Something like this might still be our flag but for some good luck and a great deal of help from the French. This colonial-era British Red Ensign flies at Point State Park near the Blockhouse.
Some typically elegant Victorian brick houses on Sidney Street between 23rd and 24th.
Side-by-side duplexes are often built to give the impression of a single elegant house; but over the years, separate ownership can destroy the illusion, as it has done in the left-hand pair, where one half has been modernized without regard to the appearance of the whole.
Decorative trim on the Schiller Glocke Gesang und Turn Verein (map), a German singing club (now apartments) built in 1897.

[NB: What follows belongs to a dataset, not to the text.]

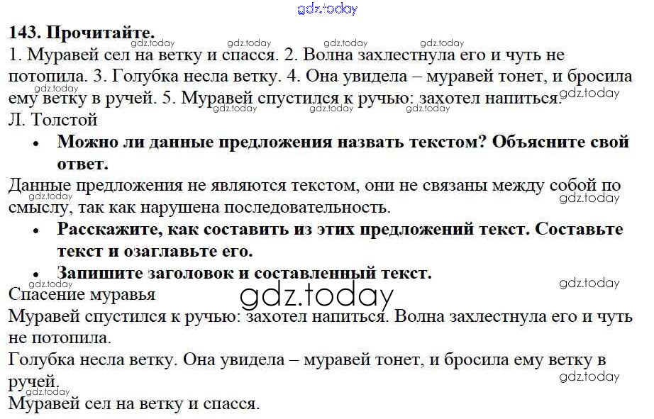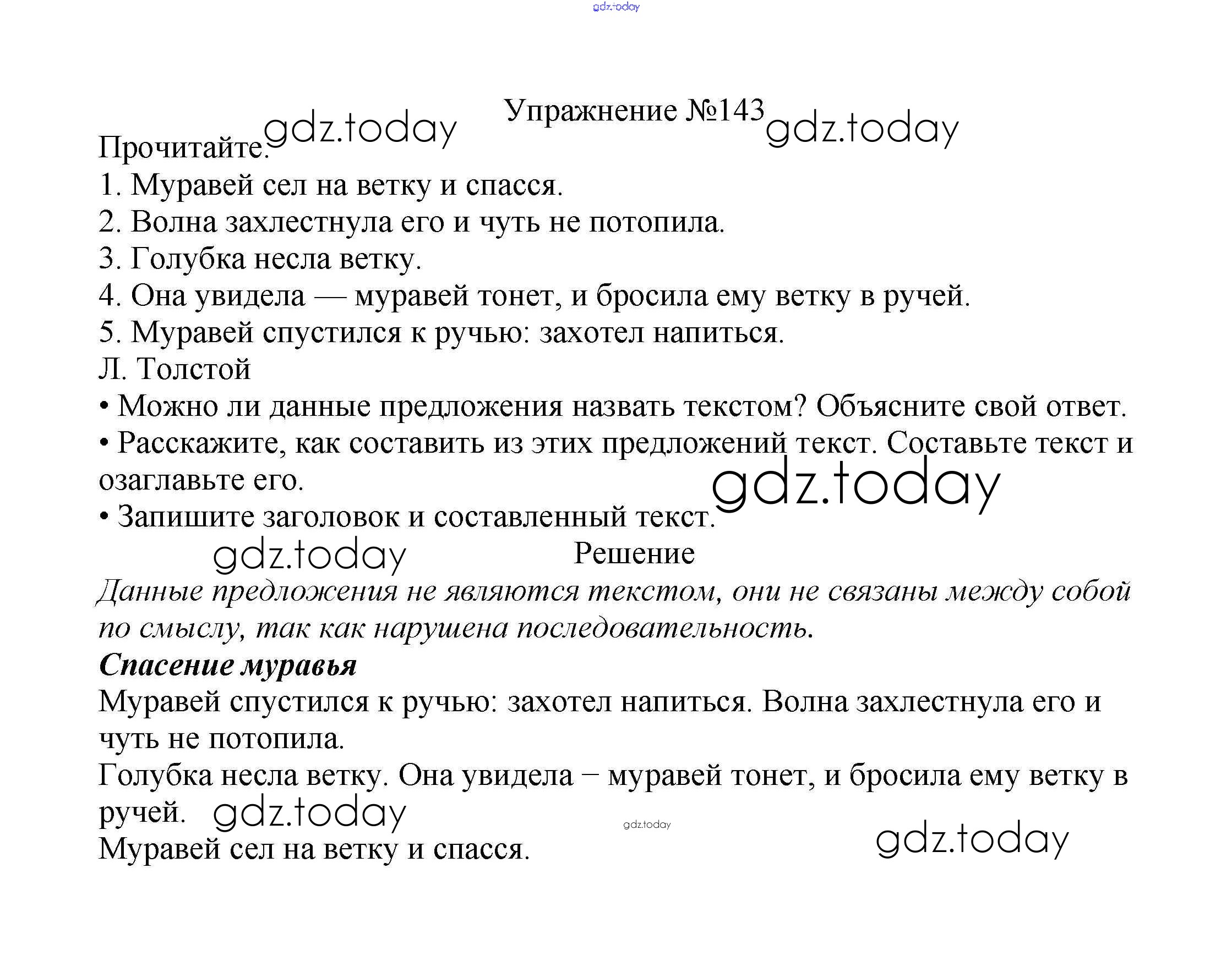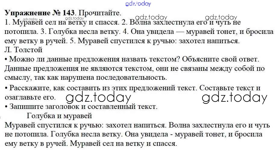 На страницах сайта gdz.today вы найдете учебный и вспомогательный материал, направленный на улучшения знаний школьной программы. ГДЗ - онлайн мир знаний Решение к части №2 (Упражнения) 143 Учебнику по Русскому языку для 2 класса Канакина, Горецкий Просвещение Школа России 2013

This church was built as the First Ruthenian Church (a Presbyterian church for Ruthenian immigrants), and later became a Byzantine Rite church. Now, like many other things on the South Side, it’s a bar.
Addendum: The architect was Chauncey W. Hodgdon, whose churches were usually in the Gothic style, but who adopted a mixture of classical and Byzantine for this very unusual congregation.1
Dormers with carved and painted decorations on a Second-Empire-style house at Jane and 28th Streets, South Side.
A small but very tasteful building on the most prominent corner in the West End. The lower floor has had a modernist makeover, but the upper floors retain the original carefully balanced symmetry.